EXERCISE DESCRIPTION:
Would you retype the whole listing exactly, leaving its pictures out?
(RECORD EXCERPTS begins)
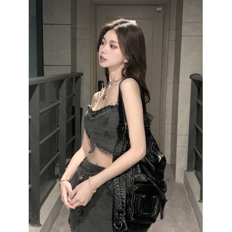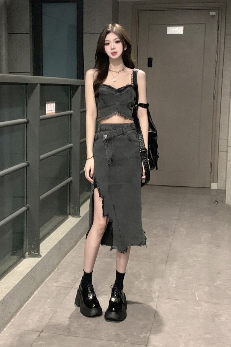 スイートクールホットガールデニムスーツ夏ストラップスクエアカラートップスプリットロングスカートツーピースセット服 大人ガーリー スウィート キュート カジュアル サマー 夏物 スクウェア
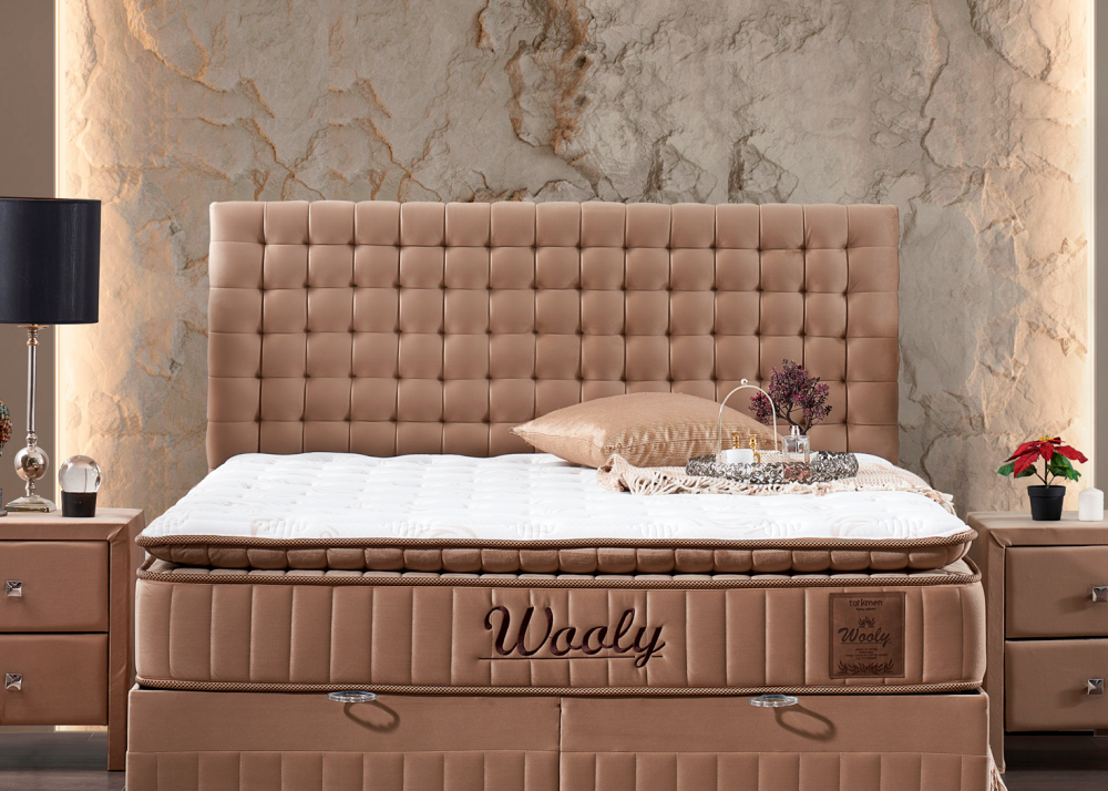 - Матрак Wooly е снабден комфортен прошит топ матрак и дизайнерска плюшена дамаска от 100% естествена чиста вълна.
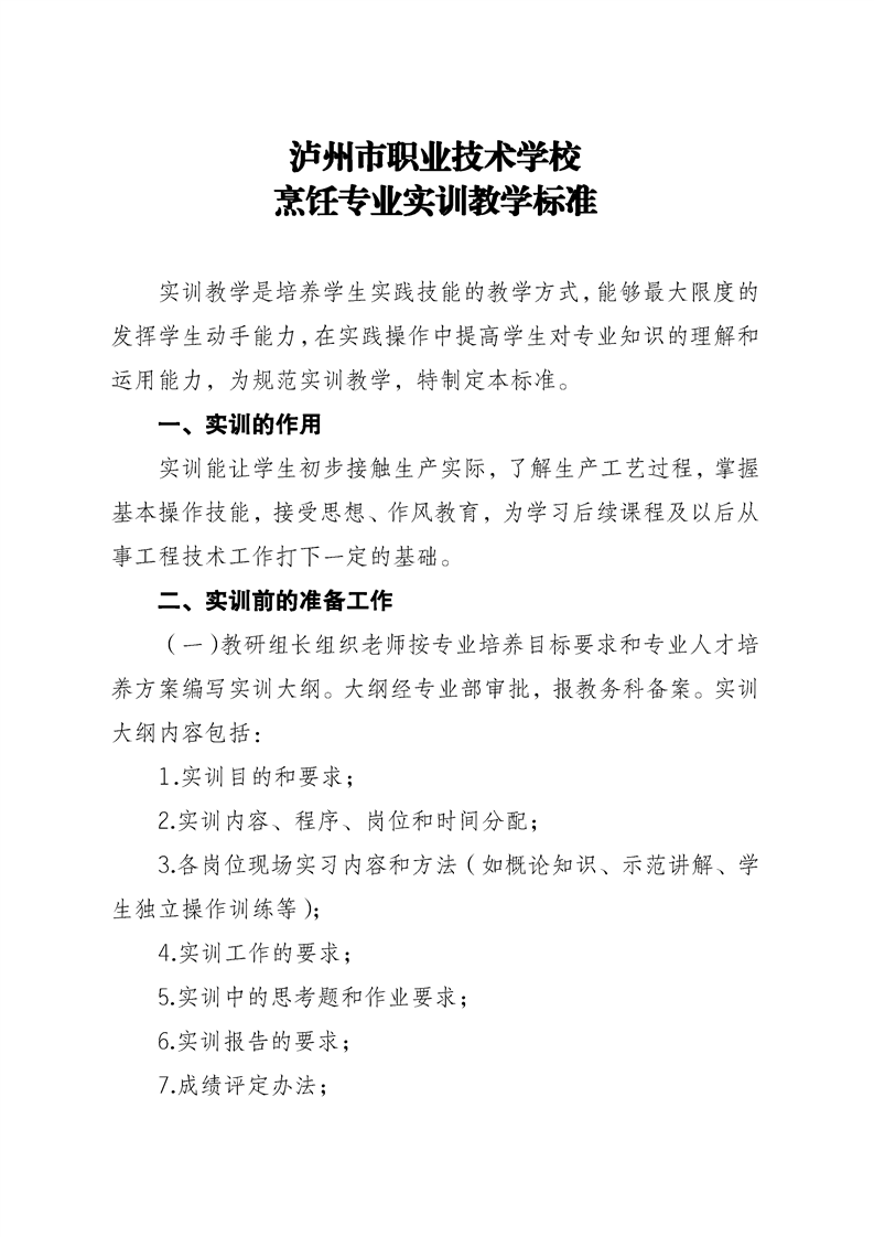 6.中餐烹饪专业实训教学标准
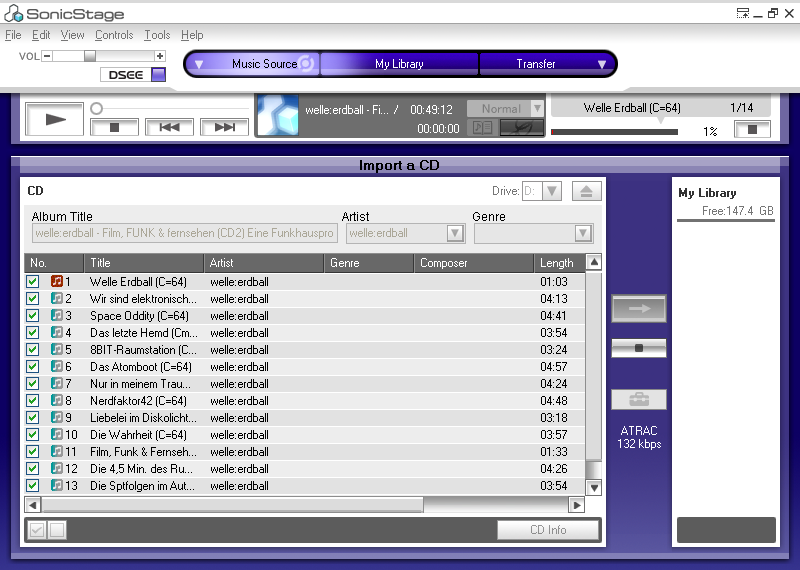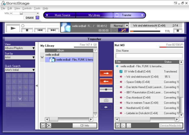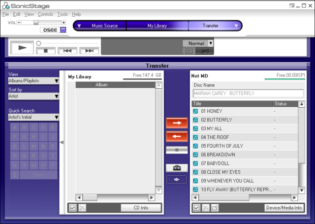 Pour le reste, ça fonctionne : j’ai pu lire un MiniDisc préenregistré et transférer un CD audio sur un MiniDisc. Sonic Stage a même la bonne idée de lire les données CD-Text, ce qui est une bonne nouvelle.
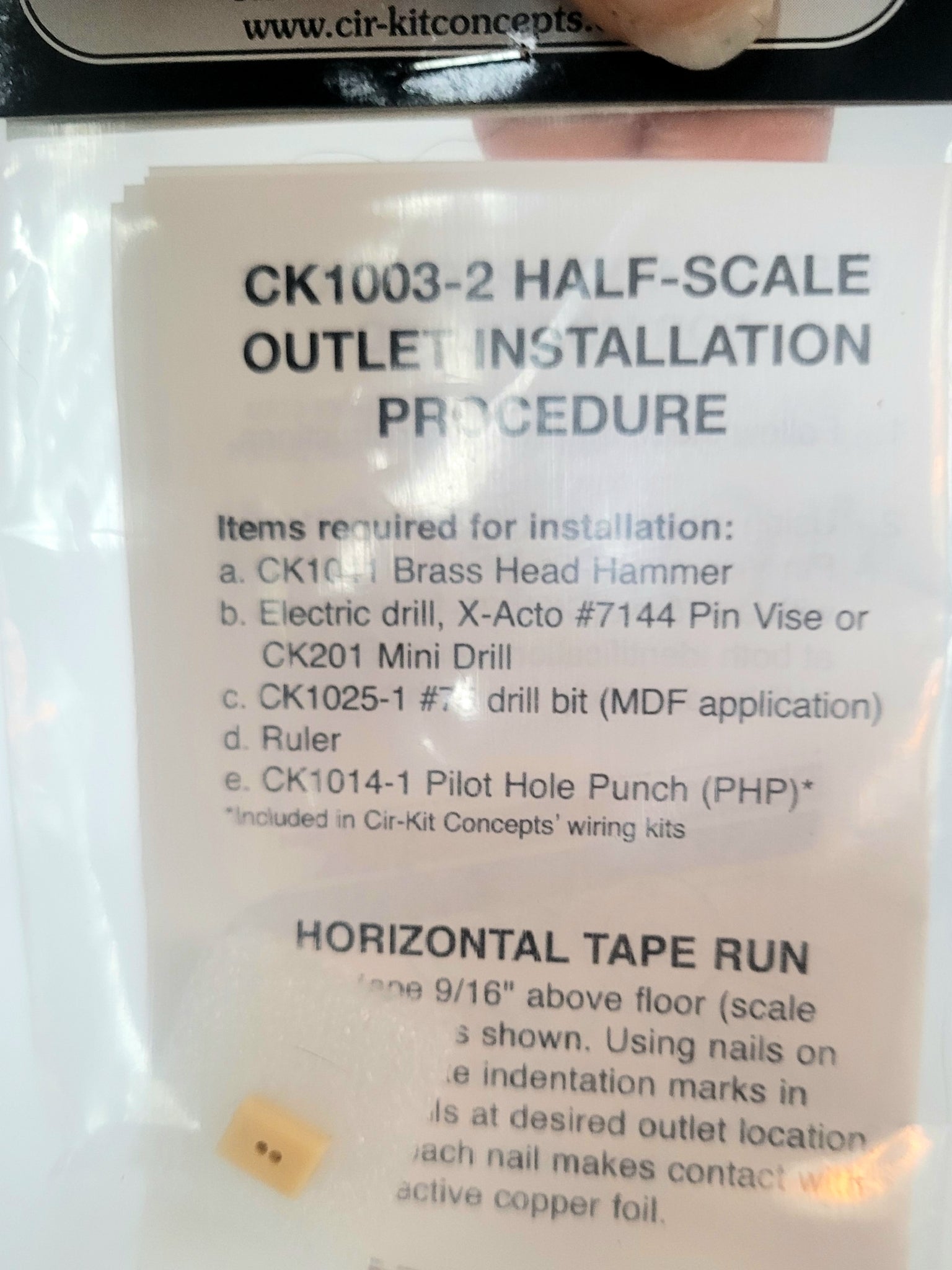 Cir-Kit Half-Scale Wall Outlet, Product #CK1003-2. Comes with Installation Manual.
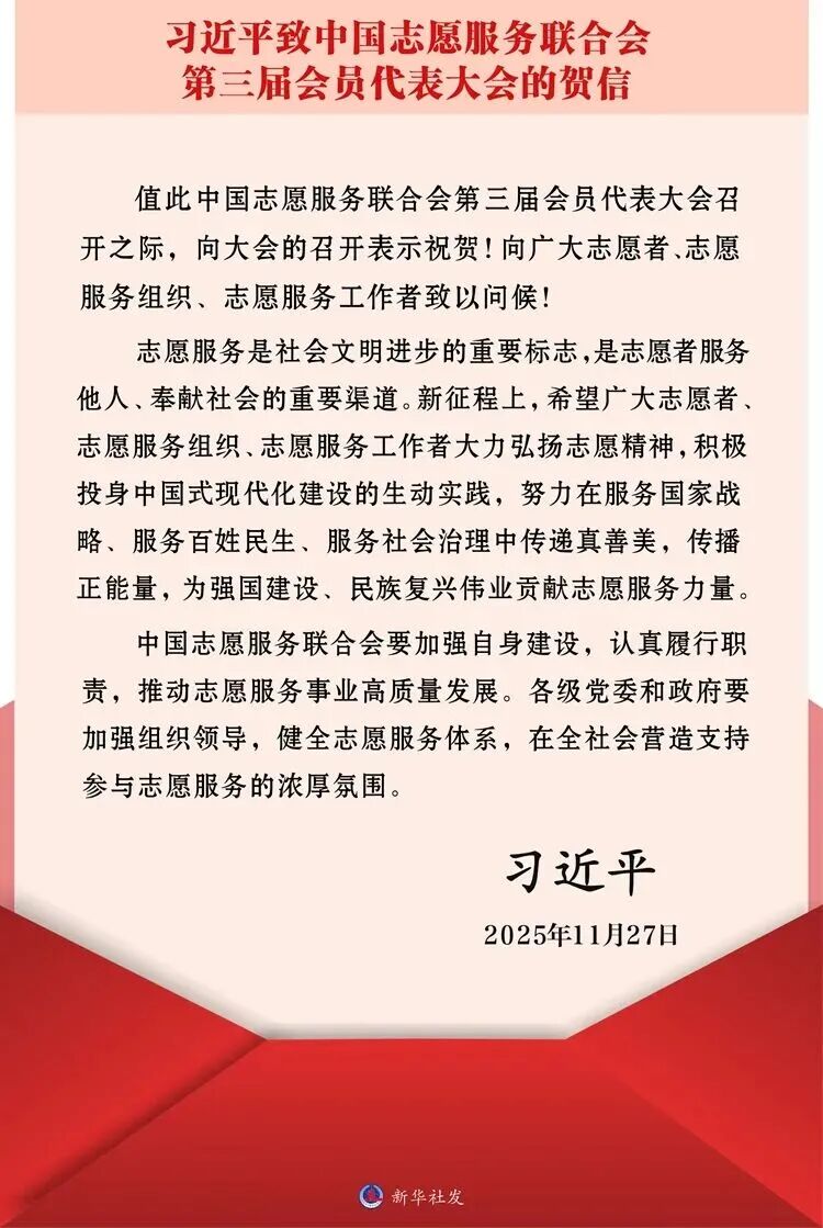 本网讯 11月27日至28日,中国志愿服务联合会第三届会员代表大会在京召开,中共中央总书记、国家主席、中央军委主席习近平发来贺信,向大会的召开表示祝贺,向广大志愿者、志愿服务组织、志愿服务工作者致以问候。
(RECORD EXCERPTS ends)
ANSWER TO THIS EXERCISE:
 スイートクールホットガールデニムスーツ夏ストラップスクエアカラートップスプリットロングスカートツーピースセット服 大人ガーリー スウィート キュート カジュアル サマー 夏物 スクウェア
 - Матрак Wooly е снабден комфортен прошит топ матрак и дизайнерска плюшена дамаска от 100% естествена чиста вълна.
 6.中餐烹饪专业实训教学标准
 Pour le reste, ça fonctionne : j’ai pu lire un MiniDisc préenregistré et transférer un CD audio sur un MiniDisc. Sonic Stage a même la bonne idée de lire les données CD-Text, ce qui est une bonne nouvelle.
 Cir-Kit Half-Scale Wall Outlet, Product #CK1003-2. Comes with Installation Manual.
 本网讯 11月27日至28日,中国志愿服务联合会第三届会员代表大会在京召开,中共中央总书记、国家主席、中央军委主席习近平发来贺信,向大会的召开表示祝贺,向广大志愿者、志愿服务组织、志愿服务工作者致以问候。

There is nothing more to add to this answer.